= Work task =
Retype the entries, please, from their first line to the line containing "訪問者数はおかげさまでだいたい右肩上がりに増えています。", exactly and only those lines, minus the pictures.

= Records contained in a dataset =

_ _ _ _

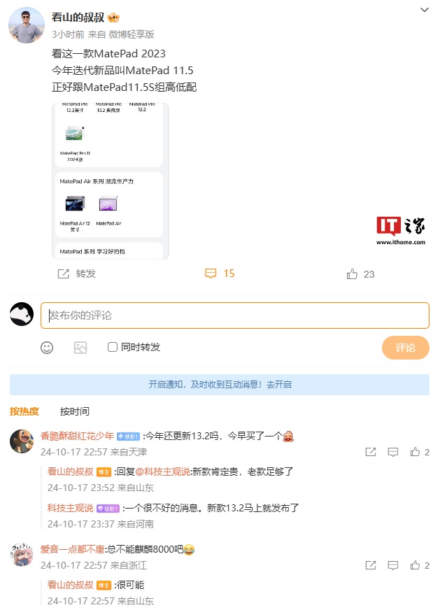 IT之家 10 月 18 日消息,博主 @看山的叔叔 昨日发文透露华为 MatePad 2023 款平板今年迭代新品叫“MatePad 11.5”,正好跟 MatePad 11.5S 组高低配。
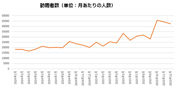 訪問者数はおかげさまでだいたい右肩上がりに増えています。
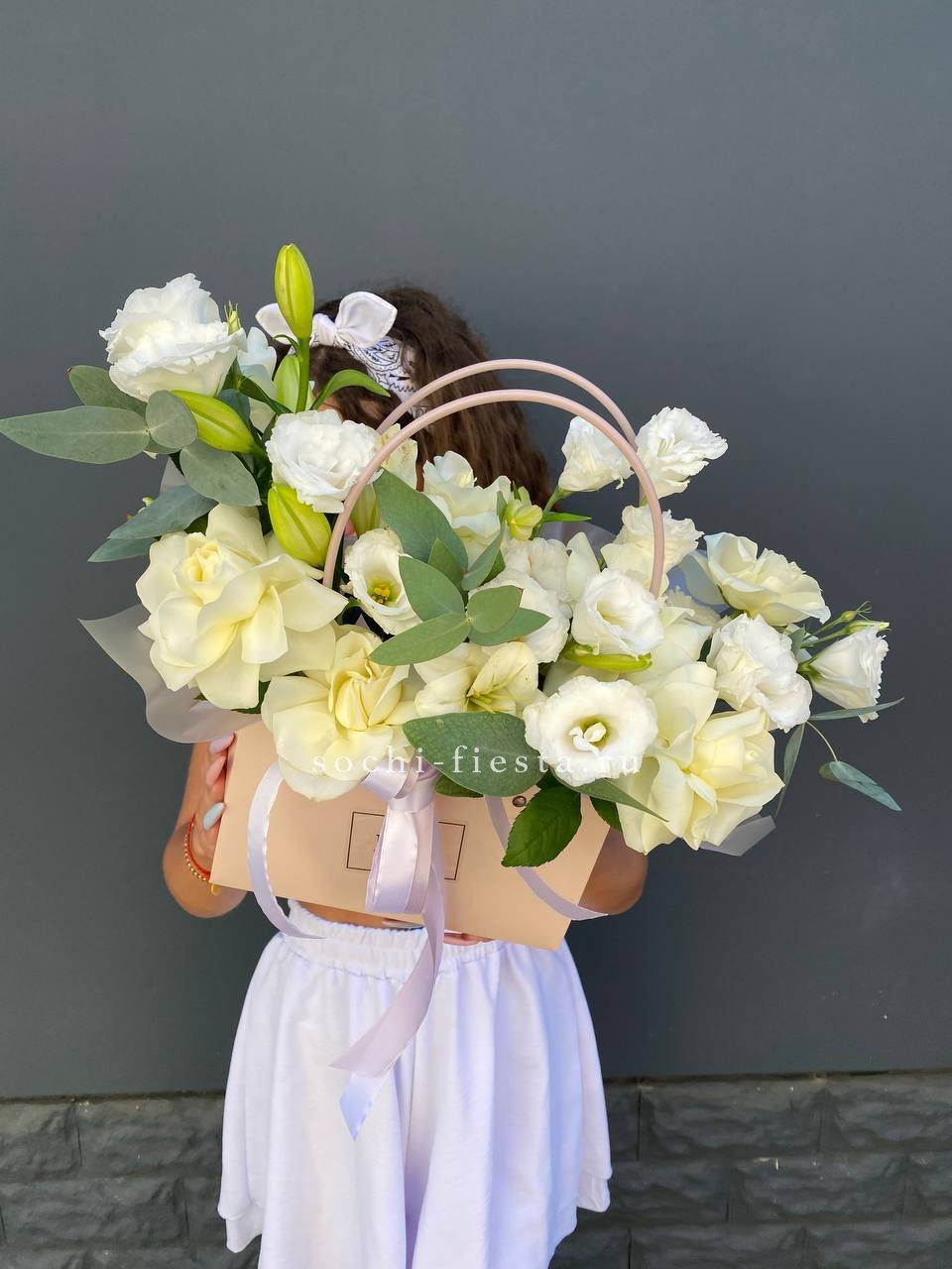Хризантемы с пушистыми коробочками хлопка создают теплую домашнюю композицию в удобной сумочке. Цветы долго радуют взгляд и не требуют сложного ухода. Формат подходит для размещения в любом уголке дома.
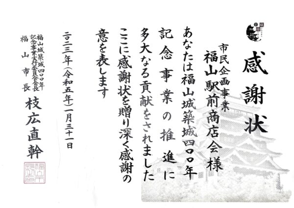 福山城の三之丸にあたるエリアに位置する福山駅前商店会は、福山城築城400年のタイミングに合わせ、築城関連の事業やイベントを多数主催してまいりました。
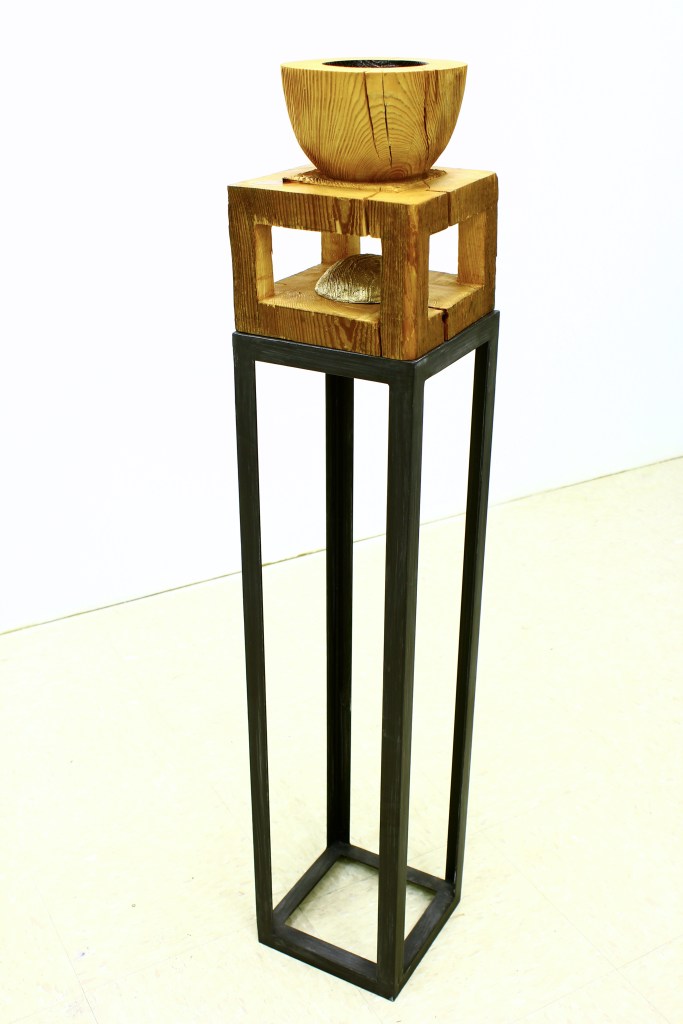 Turned and burnt white pine, bronze, steel 2011-12
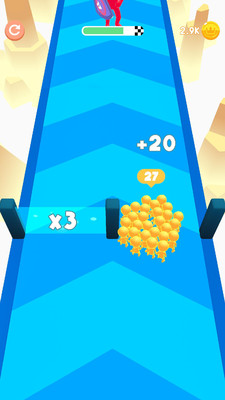 玩家控制的小人会自动前进,左右拖动屏幕让小人左右移动。注意观察前方地形变化,提前规划最佳路线。

_ _ _ _

= Result of the task =
 IT之家 10 月 18 日消息,博主 @看山的叔叔 昨日发文透露华为 MatePad 2023 款平板今年迭代新品叫“MatePad 11.5”,正好跟 MatePad 11.5S 组高低配。
 訪問者数はおかげさまでだいたい右肩上がりに増えています。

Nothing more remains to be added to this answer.